== WHAT THIS TASK INVOLVES ==
In the entries below, find the line with "Gabrielle Chanel a" and the line with "点击 App Store -> 点击右上角自定义安装 -> 参照我下面截图配置填入内容。". Reproduce those two lines and every line between them exactly, and nothing more.

== THE RECORDS ==
══════════════════════════════

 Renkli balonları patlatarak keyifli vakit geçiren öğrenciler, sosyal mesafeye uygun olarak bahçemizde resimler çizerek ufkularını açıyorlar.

══════════════════════════════

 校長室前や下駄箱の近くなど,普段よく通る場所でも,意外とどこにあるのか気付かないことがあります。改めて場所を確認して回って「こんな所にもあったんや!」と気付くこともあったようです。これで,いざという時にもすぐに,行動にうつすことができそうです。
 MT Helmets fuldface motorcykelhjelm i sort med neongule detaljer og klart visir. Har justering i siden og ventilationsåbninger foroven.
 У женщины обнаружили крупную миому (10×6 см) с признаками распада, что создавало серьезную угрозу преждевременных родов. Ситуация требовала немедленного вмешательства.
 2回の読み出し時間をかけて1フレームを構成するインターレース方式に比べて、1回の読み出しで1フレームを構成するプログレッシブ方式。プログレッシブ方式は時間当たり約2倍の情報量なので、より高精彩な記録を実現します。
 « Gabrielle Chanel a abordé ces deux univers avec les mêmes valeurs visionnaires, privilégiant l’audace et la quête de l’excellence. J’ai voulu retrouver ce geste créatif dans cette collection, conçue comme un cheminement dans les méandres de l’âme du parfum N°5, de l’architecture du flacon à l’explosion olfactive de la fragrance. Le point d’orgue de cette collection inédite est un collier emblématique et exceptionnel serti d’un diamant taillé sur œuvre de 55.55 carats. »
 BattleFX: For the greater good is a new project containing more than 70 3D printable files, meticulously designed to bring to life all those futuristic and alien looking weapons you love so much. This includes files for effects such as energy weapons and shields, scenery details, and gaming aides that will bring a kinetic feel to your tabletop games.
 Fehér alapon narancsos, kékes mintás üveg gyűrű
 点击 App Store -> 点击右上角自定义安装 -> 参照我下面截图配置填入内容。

══════════════════════════════

== RESPONSE TO THE TASK ==
 « Gabrielle Chanel a abordé ces deux univers avec les mêmes valeurs visionnaires, privilégiant l’audace et la quête de l’excellence. J’ai voulu retrouver ce geste créatif dans cette collection, conçue comme un cheminement dans les méandres de l’âme du parfum N°5, de l’architecture du flacon à l’explosion olfactive de la fragrance. Le point d’orgue de cette collection inédite est un collier emblématique et exceptionnel serti d’un diamant taillé sur œuvre de 55.55 carats. »
 BattleFX: For the greater good is a new project containing more than 70 3D printable files, meticulously designed to bring to life all those futuristic and alien looking weapons you love so much. This includes files for effects such as energy weapons and shields, scenery details, and gaming aides that will bring a kinetic feel to your tabletop games.
 Fehér alapon narancsos, kékes mintás üveg gyűrű
 点击 App Store -> 点击右上角自定义安装 -> 参照我下面截图配置填入内容。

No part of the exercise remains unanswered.